=== Aim of the task ===
Will you write out, word for word, every line from the one with "Starts Apr 20" to the final line of the data below, with the pictures left out?

=== Source information ===
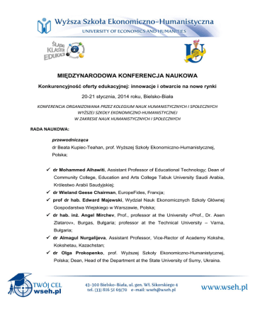 MIĘDZYNARODOWA KONFERENCJA NAUKOWA Konkurencyjność oferty edukacyjnej: innowacje i otwarcie na nowe rynki 20-21 stycznia, 2014 roku, Bielsko-Biała KONFERENCJA ORGANIZOWANA PRZEZ KOLEGIUM NAUK HUMANISTYCZNYCH I SPOŁECZNYCH WYŻSZEJ SZKOŁY EKONOMICZNO-HUMANISTYCZNEJ W ZAKRESIE NAUK HUMANISTYCZNYCH I SPOŁECZNYCH RADA NAUKOWA: przewodnicząca dr Beata Kupiec-Teahan, prof. Wyższej Szkoły Ekonomiczno-Humanistycznej, Polska; dr Mohammed Alhawiti, Assistant Professor of Educational Technology; Dean of Community College, Education and Arts College Tabuk University Saudi Arabia, Królestwo Arabii Saudyjskiej; dr Wieland Geese Chairman, EuropeFides, Francja; prof dr hab. Edward Majewski, Wydział Nauk Ekonomicznych Szkoły Głównej Gospodarstwa Wiejskiego w Warszawie, Polska; dr hab. inż. Angel Mirchev, Prof., professor at the University «Prof., Dr. Asen Zlatarov», Burgas, Bułgaria; professor at the Technical University – Varna, Bułgaria; dr Almagul Nurgalijeva, Assistant Professor, Vice-Rector of Academy Kokshe, Kokshetau, Kazachstan; dr Olga Prokopenko, prof. Wyższej Szkoły Ekonomiczno-Humanistycznej, Polska; Dean, Head of the Department at the State University of Sumy, Ukraina. KOMITET ORGANIZACYJNY: Witold Marzęda – przewodniczący; Edyta Kołodziejczyk – sekretarz polskojęzyczny konferencji; Elżbieta Jaszczurowska – sekretarz anglojęzyczny konferencji; Katarzyna Buława – sekretarz rosyjskojęzyczny konferencji; Michał Buława – samorząd studencki. 20.01.2014 10.00-10.30 rejestracja uczestników konferencji 10.30-11.00 przywitanie gości przez Dyrektora Kolegium Nauk Humanistycznych i Społecznych dr. Witolda Marzędę i przewodniczącą Rady Naukowej dr Beatę Kupiec-Teahan, prof. Wyższej Szkoły EkonomicznoHumanistycznej Innovation in Further Education Moderator panelu: dr Beata Kupiec-Teahan 11.00-11.30 mgr Janusz Dąbrowski „Coaching in SMEs: real need or a managerial whim?” 11.30-12.00 prof. dr hab. Edward Majewski „Development of specialized MBA offering – the case of AGRIMBA” 12.00-12.30 dr hab. Monika Wszołek „Oferta Edukacyjna dla praktyki produkcyjnej na przykładzie zapewnienia bezpieczeństwa i jakości żywności” 12.30-13.00 dyskusja panelowa 13.00-13.30 catering Contemporary Education: Markets, Competition and Sustainability Moderator panelu: mgr Janusz Dąbrowski 13.30-14.00 dr Janusz Dworak „Ekonomika Szkolnictwa Wyższego – wybrane Zagadnienia” 14.00-14.30 dr Sara Parry „Developing International Market: Educational Offerings for Asian and African students in the United Kingdom” 14.30-15.00 Mr Khaled Alhawiti „History of the Higher Education and the Stages of its Evolution” 15.00-15.30 dyskusja panelowa 15.30 catering 21.01.2014 Innovation in Higher Education Moderator panelu: Mr Khaled Alhawiti 10.00-10.30 dr William Teahan „Agent-oriented systems for teaching, learning and research” 10.30-11.00 Mr Yasser AlGhurabi „A conceptual spaces for agent-based model for e-learning” 11.00-11.30 dr Beata Kupiec-Teahan, prof. Wyższej Szkoły EkonomicznoHumanistycznej „An overview of Innovation in Higher Education practice: the case of Business Studies” 11.30-12.00 dyskusja panelowa 12.00-12.30 catering Wykorzystanie mediów społecznościowych w szkolnictwie wyższym i biznesie Moderator panelu: dr Katarzyna Zięba 12.30-13.00 Aleksandra Bałdyga „Teoretyczne i praktyczne aspekty edukacji małych dzieci. Alternatywne metody nauczania” 13.00-14.00 mgr Wojciech Kaczmarek (coach, trener biznesu, consultant) „Media społecznościowe w biznesie – budowanie przewagi konkurencyjnej” 14.00-14.30 dyskusja 14.00-14.30 catering Innovations in the management of competitiveness of educational services Moderator panelu: prof. dr. hab. Olha Prokopenko 14.30-14.55 prof. dr. hab. Sergii Illiashenko „Using Internet-technologies for promotion of scientific and educational services” 14.55-15.20 prof. dr. hab. Olha Prokopenko „The tools for enhancing competiveness of educational services at the Department of economics and management of SSU” 15.20-15.40 prof. dr. hab. Ievgen Khlobystov „Potential of competitiveness in the Ukrainian aspiration to the EU integration (educational services e.g.)” 15.40-16.00 prof. dr. hab. Elena Sadchenko „Research and development activities of the university as a source of creating university competitiveness” 16.00-16.30 dyskusja 16.30 zakończenie konferencji
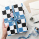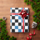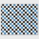 Blue Black White Checkered Pattern Design Wrapping Paper
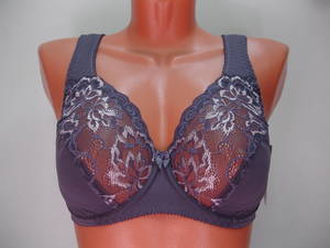 Бюстгальтер с мягкой чашечкой и диагональным швом из эластичного полотна и эластичного кружевного полотна, на каркасах. Стан, бочка и спинка выполнены из плотного эластичного полотна. Бочёк бюстгальтера продублирован изнутри очень тонкой поролоновой основой, которая обеспечивает дополнительную поддержку груди. Высота бочка 9- 10 см. Бюстгальтер имеет широкие разгрузочные бретели не сворачивающиеся и не стесняющие движений, которые снимают напряжение в области плеч и шеи благодаря уплотненной вставке из тонкого поролона. Бретель обтянута основной тканью. Задняя часть бретели выполнена из эластичной тесьмы. Регулятор длины бретели сзади. Застежка на два-три крючка, два варианта объема. Между чашечками на стане украшен маленьким бантиком.
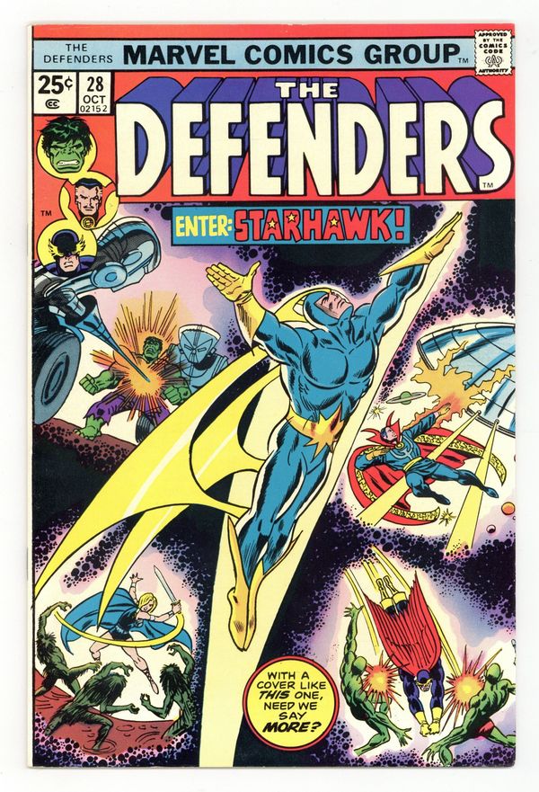 Starts Apr 20 Cover pencils by Ron Wilson, inks by Frank Giacoia. First full appearance of Starhawk in My Mother, The Badoon!, script by Steve Gerber, pencils by Sal Buscema (layouts/breakdowns), Frank Giacoia (Finished Art), and John Tartaglione [as John Tartag] (Finished Art), inks by Frank Giacoia and John Tartaglione [as John Tartag]; Nighthawk, Charlie-27 and Martinex are captured by the Badoon; Starhawk helps Vance Astro and Valkyrie return to Earth; Hulk and Yondu are forced to enter the Super-Death Sweepstakes. 36 pgs. $0.25. Cover price $0.25.
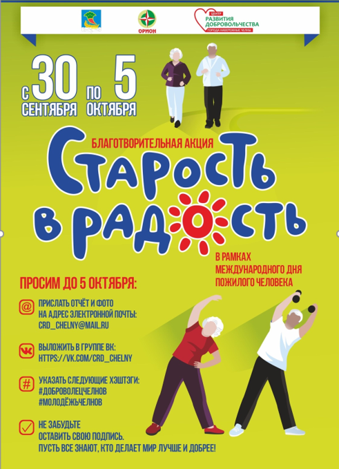 30 сентябрьдән 5 октябрьгә кадәр Яр Чаллыда Халыкара өлкәннәр көне кысаларында «Картлык-шатлык» хәйрия акциясе узачак. Акциядә катнашу өчен бер яки берничә өлкән яшьтәге кешенең өенә барып ярдәм күрсәтергә, азык-төлек сатып алуда ярдәм итәргә яки хәлен белергә бару да җитә.

=== Exercise answer ===
 Starts Apr 20 Cover pencils by Ron Wilson, inks by Frank Giacoia. First full appearance of Starhawk in My Mother, The Badoon!, script by Steve Gerber, pencils by Sal Buscema (layouts/breakdowns), Frank Giacoia (Finished Art), and John Tartaglione [as John Tartag] (Finished Art), inks by Frank Giacoia and John Tartaglione [as John Tartag]; Nighthawk, Charlie-27 and Martinex are captured by the Badoon; Starhawk helps Vance Astro and Valkyrie return to Earth; Hulk and Yondu are forced to enter the Super-Death Sweepstakes. 36 pgs. $0.25. Cover price $0.25.
 30 сентябрьдән 5 октябрьгә кадәр Яр Чаллыда Халыкара өлкәннәр көне кысаларында «Картлык-шатлык» хәйрия акциясе узачак. Акциядә катнашу өчен бер яки берничә өлкән яшьтәге кешенең өенә барып ярдәм күрсәтергә, азык-төлек сатып алуда ярдәм итәргә яки хәлен белергә бару да җитә.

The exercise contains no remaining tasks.